--- Try it ---
Please return every line of the material verbatim and skip any images.
=== Begin Enclosure ===
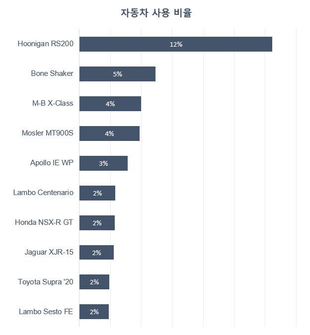 후니간사의 HOONIGAN 1986 FORD RS200 EVOLUTION이 4,800개의 데이터에서 12%를 차지하면서 1위
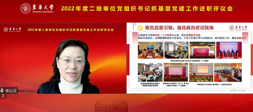 刘承功逐一点评并讲话,对全校各二级单位党组织认真履行管党治党主体责任,狠抓基层党建工作落实,抢抓机遇,攻坚克难,特别是各级党组织和广大党员在疫情“大考”中,践行初心使命,充分发挥作用,推动形成以高质量党建引领高质量发展的“奋进”新格局给予肯定。他指出,2023年是全面贯彻落实党的二十大精神的开局之年,是实施“十四五”规划的又一个关键之年,学校各级党组织要立足全面学习贯彻党的二十大精神,深化构建与学校高质量创新发展相适应的“大党建”工作格局。他强调,要突出政治引领,强化政治功能,持续全面学习贯彻党的二十大精神,落实“学思用”贯通机制,切实把学习成果转化为抓班子带队伍、统筹推进干部和人才队伍建设、推动中心工作、提高治理效能等方面的思路举措和进展成效;要融入中心大局,增强组织功能,以《中国共产党普通高等学校基层组织工作条例》为遵循,以本轮创建“上海党建工作特色高校”为载体,实施“铸魂·治学育人”“引领·党建创优”“融合·创新发展”三项“奋进计划”,全面推进二级单位党组织和基层党支部夯实基础、特色攻坚、辐射带动、发挥作用,以高质量党建引领各项事业高质量创新发展;要深化责任落实,提高政治能力,进一步筑牢“两个体系”,创新“五类示范”,想在前头、干在前沿、走在前列,比学赶超,对标争先,不断提升服务国家重大战略和区域经济社会发展的能力和水平,在新时代新征程奋力谱写“奋进东华”崭新篇章。
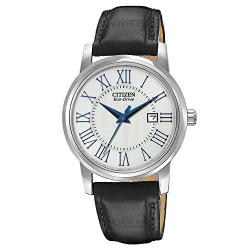 ReleaseDate : 2013-01-15 Studio : Citizen Publisher : Citizen Binding : Watch Product Description Online Exclusive! This ladies' Citizen watch features Eco-Drive® technology which means it never needs batteries and runs on light. This watch also features a silver dial with blue tone hands, brushed and polished stainless steel case with leather bracelet, and is water resistant up to 30 meters. Model # EW1568-04A 0
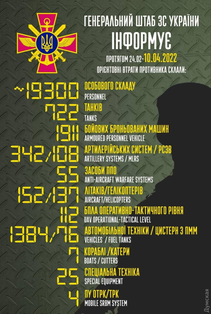 В ходе боев 9 апреля Силы обороны Украины уничтожили 200 российских солдат и офицеров. С 24 февраля армия оккупантов потеряла уже 19300 военнослужащих.
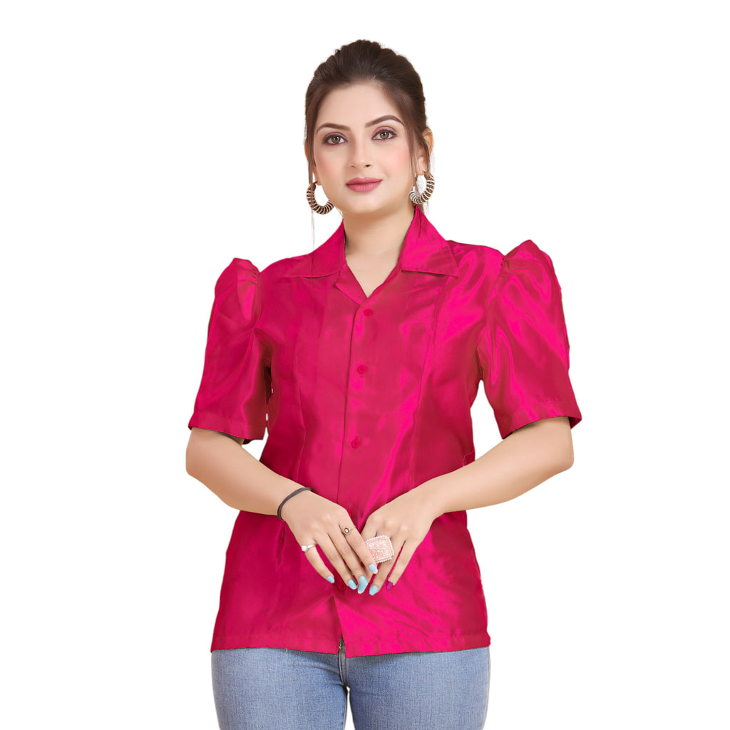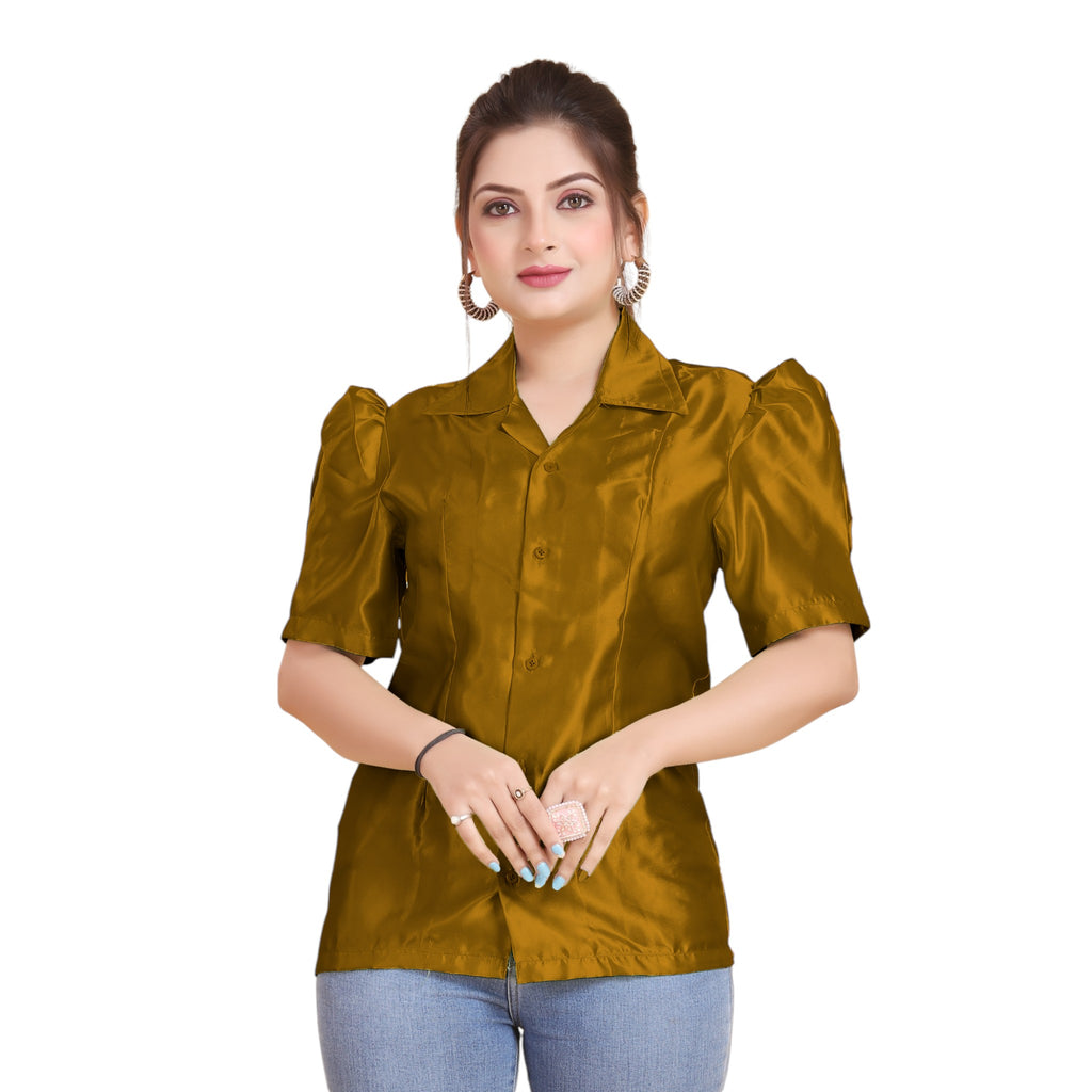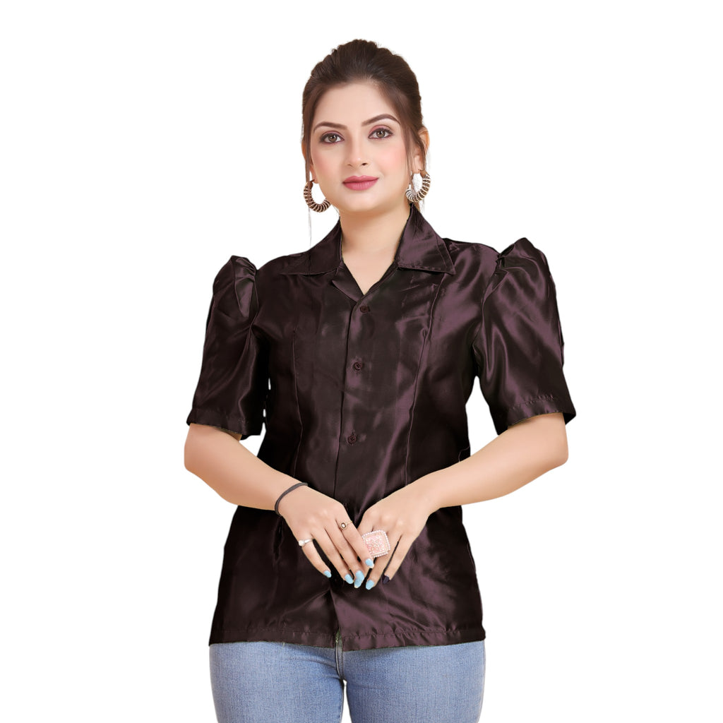 This Regular size Satin Puff Sleeve Button Down Shirt is a timeless classic that exudes sophistication. Its satin fabric and button down design elevate any look, while the short puff sleeves add a touch of femininity. Perfect for any occasion, this shirt is a must-have staple for any wardrobe
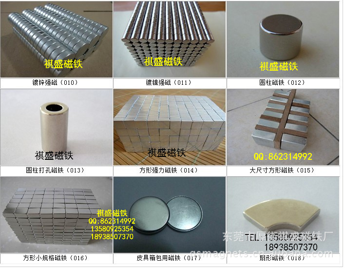 广东东莞祺盛磁性材料厂主导产品为强磁钕铁硼、橡胶磁、永磁铁氧体、磁力棒、磁力架、磁力块、大方块磁铁、小方块磁铁、小规格磁铁、大规格磁铁、小圆片磁铁、大圆片磁铁、磁棒、磁架、磁块、磁条、磁片、磁环、磁芯、磁钮、磁扣、磁吸、磁石、磁粒、磁钉、磁排、磁钢、铝镍钴、钐钴、磁性玩具、磁性礼品、磁性冰箱贴、磁性名片、磁性书签、磁性拼图、磁性相框、磁性胶片、磁性飞镖、磁性飞镖钯、磁性饰品、磁性制品以及五金配件铁片、铁壳等。产品主要用于电子、电工、电器、五金、机械、工具、皮具、箱包、手袋、保健、医疗、设备、水利、航天、航空、汽车、火车、玩具、礼品、工艺品、包装彩印等各个领域。我司的宗旨是:同样的产品比质量,同样的质量比价格,同样的价格比服务,同样的服务比速度。欢迎各界有需要用到我公司产品的厂家或个人随时与我司联系。
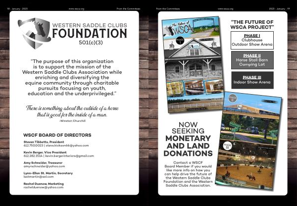 Contact a WSCF Board Member if you would like more info on how you can help drive the future of the Western Saddle Clubs Foundation and the Western Saddle Clubs Association .
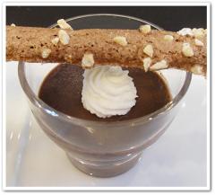 Chocolate pot de crème with milk tea sherbet
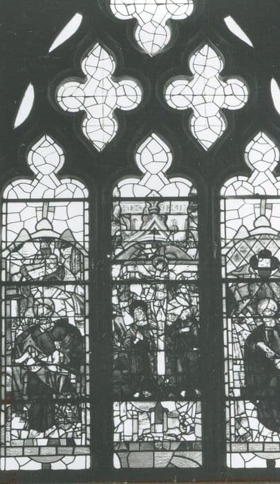 verrière de la baie 0 : saint Pierre, le Christ entre la Vierge et saint Jean, saint Marc
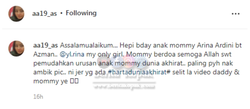 Meninjau akaun Instagram As Muhamad, telah dikongsikan satu ucapan khas buat anak perempuannya bernama Arina Ardini. Satu-satunya puteri yang dimiliki oleh As ini menyambut ulangtahun kelahiran yang ke 15 tahun.
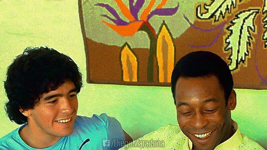 "Hoy esta foto cumplió 40 años. Fue en Río de Janeiro, cuando nos conocimos personalmente. Qué jóvenes que estábamos... Te deseo una muy pronta recuperación Rey @Pele, mucha fuerza!!!", dice Maradona en el post.
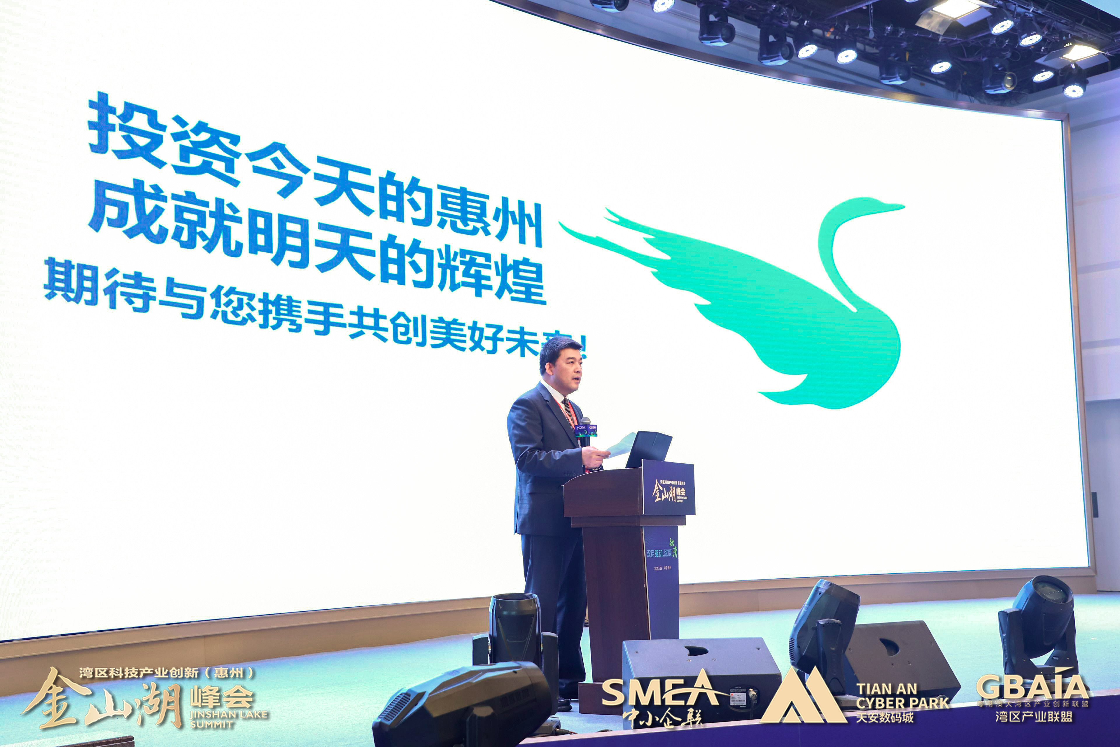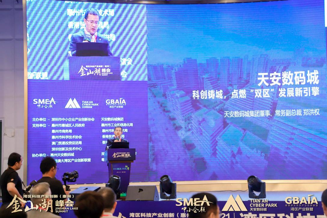 “‘雙區(qū)’建設(shè)是國家領(lǐng)導(dǎo)人和黨中央部署的重大國家戰(zhàn)略,作為粵港澳大灣區(qū)重要節(jié)點和深圳都市圈重要成員,全力支持、積極融入既是惠州鮮明的政治態(tài)度,也是惠州發(fā)展的必然抉擇。相信在惠州市及各級政府部門支持下,深圳市中小企業(yè)產(chǎn)業(yè)創(chuàng)新協(xié)會、天安數(shù)碼城集團強強攜手,與各方合作伙伴共同努力,通過每年一屆的“灣區(qū)產(chǎn)業(yè)創(chuàng)新(惠州)金山湖峰會”深入落實創(chuàng)新驅(qū)動發(fā)展戰(zhàn)略,匯聚粵港澳大灣區(qū)產(chǎn)業(yè)創(chuàng)新資源,深化粵港澳創(chuàng)新合作,助力惠州與灣區(qū)城市間的產(chǎn)業(yè)創(chuàng)新與協(xié)同發(fā)展。
=== End Enclosure ===
--- Exercise result ---
 후니간사의 HOONIGAN 1986 FORD RS200 EVOLUTION이 4,800개의 데이터에서 12%를 차지하면서 1위
 刘承功逐一点评并讲话,对全校各二级单位党组织认真履行管党治党主体责任,狠抓基层党建工作落实,抢抓机遇,攻坚克难,特别是各级党组织和广大党员在疫情“大考”中,践行初心使命,充分发挥作用,推动形成以高质量党建引领高质量发展的“奋进”新格局给予肯定。他指出,2023年是全面贯彻落实党的二十大精神的开局之年,是实施“十四五”规划的又一个关键之年,学校各级党组织要立足全面学习贯彻党的二十大精神,深化构建与学校高质量创新发展相适应的“大党建”工作格局。他强调,要突出政治引领,强化政治功能,持续全面学习贯彻党的二十大精神,落实“学思用”贯通机制,切实把学习成果转化为抓班子带队伍、统筹推进干部和人才队伍建设、推动中心工作、提高治理效能等方面的思路举措和进展成效;要融入中心大局,增强组织功能,以《中国共产党普通高等学校基层组织工作条例》为遵循,以本轮创建“上海党建工作特色高校”为载体,实施“铸魂·治学育人”“引领·党建创优”“融合·创新发展”三项“奋进计划”,全面推进二级单位党组织和基层党支部夯实基础、特色攻坚、辐射带动、发挥作用,以高质量党建引领各项事业高质量创新发展;要深化责任落实,提高政治能力,进一步筑牢“两个体系”,创新“五类示范”,想在前头、干在前沿、走在前列,比学赶超,对标争先,不断提升服务国家重大战略和区域经济社会发展的能力和水平,在新时代新征程奋力谱写“奋进东华”崭新篇章。
 ReleaseDate : 2013-01-15 Studio : Citizen Publisher : Citizen Binding : Watch Product Description Online Exclusive! This ladies' Citizen watch features Eco-Drive® technology which means it never needs batteries and runs on light. This watch also features a silver dial with blue tone hands, brushed and polished stainless steel case with leather bracelet, and is water resistant up to 30 meters. Model # EW1568-04A 0
 В ходе боев 9 апреля Силы обороны Украины уничтожили 200 российских солдат и офицеров. С 24 февраля армия оккупантов потеряла уже 19300 военнослужащих.
 This Regular size Satin Puff Sleeve Button Down Shirt is a timeless classic that exudes sophistication. Its satin fabric and button down design elevate any look, while the short puff sleeves add a touch of femininity. Perfect for any occasion, this shirt is a must-have staple for any wardrobe
 广东东莞祺盛磁性材料厂主导产品为强磁钕铁硼、橡胶磁、永磁铁氧体、磁力棒、磁力架、磁力块、大方块磁铁、小方块磁铁、小规格磁铁、大规格磁铁、小圆片磁铁、大圆片磁铁、磁棒、磁架、磁块、磁条、磁片、磁环、磁芯、磁钮、磁扣、磁吸、磁石、磁粒、磁钉、磁排、磁钢、铝镍钴、钐钴、磁性玩具、磁性礼品、磁性冰箱贴、磁性名片、磁性书签、磁性拼图、磁性相框、磁性胶片、磁性飞镖、磁性飞镖钯、磁性饰品、磁性制品以及五金配件铁片、铁壳等。产品主要用于电子、电工、电器、五金、机械、工具、皮具、箱包、手袋、保健、医疗、设备、水利、航天、航空、汽车、火车、玩具、礼品、工艺品、包装彩印等各个领域。我司的宗旨是:同样的产品比质量,同样的质量比价格,同样的价格比服务,同样的服务比速度。欢迎各界有需要用到我公司产品的厂家或个人随时与我司联系。
 Contact a WSCF Board Member if you would like more info on how you can help drive the future of the Western Saddle Clubs Foundation and the Western Saddle Clubs Association .
 Chocolate pot de crème with milk tea sherbet
 verrière de la baie 0 : saint Pierre, le Christ entre la Vierge et saint Jean, saint Marc
 Meninjau akaun Instagram As Muhamad, telah dikongsikan satu ucapan khas buat anak perempuannya bernama Arina Ardini. Satu-satunya puteri yang dimiliki oleh As ini menyambut ulangtahun kelahiran yang ke 15 tahun.
 "Hoy esta foto cumplió 40 años. Fue en Río de Janeiro, cuando nos conocimos personalmente. Qué jóvenes que estábamos... Te deseo una muy pronta recuperación Rey @Pele, mucha fuerza!!!", dice Maradona en el post.
 “‘雙區(qū)’建設(shè)是國家領(lǐng)導(dǎo)人和黨中央部署的重大國家戰(zhàn)略,作為粵港澳大灣區(qū)重要節(jié)點和深圳都市圈重要成員,全力支持、積極融入既是惠州鮮明的政治態(tài)度,也是惠州發(fā)展的必然抉擇。相信在惠州市及各級政府部門支持下,深圳市中小企業(yè)產(chǎn)業(yè)創(chuàng)新協(xié)會、天安數(shù)碼城集團強強攜手,與各方合作伙伴共同努力,通過每年一屆的“灣區(qū)產(chǎn)業(yè)創(chuàng)新(惠州)金山湖峰會”深入落實創(chuàng)新驅(qū)動發(fā)展戰(zhàn)略,匯聚粵港澳大灣區(qū)產(chǎn)業(yè)創(chuàng)新資源,深化粵港澳創(chuàng)新合作,助力惠州與灣區(qū)城市間的產(chǎn)業(yè)創(chuàng)新與協(xié)同發(fā)展。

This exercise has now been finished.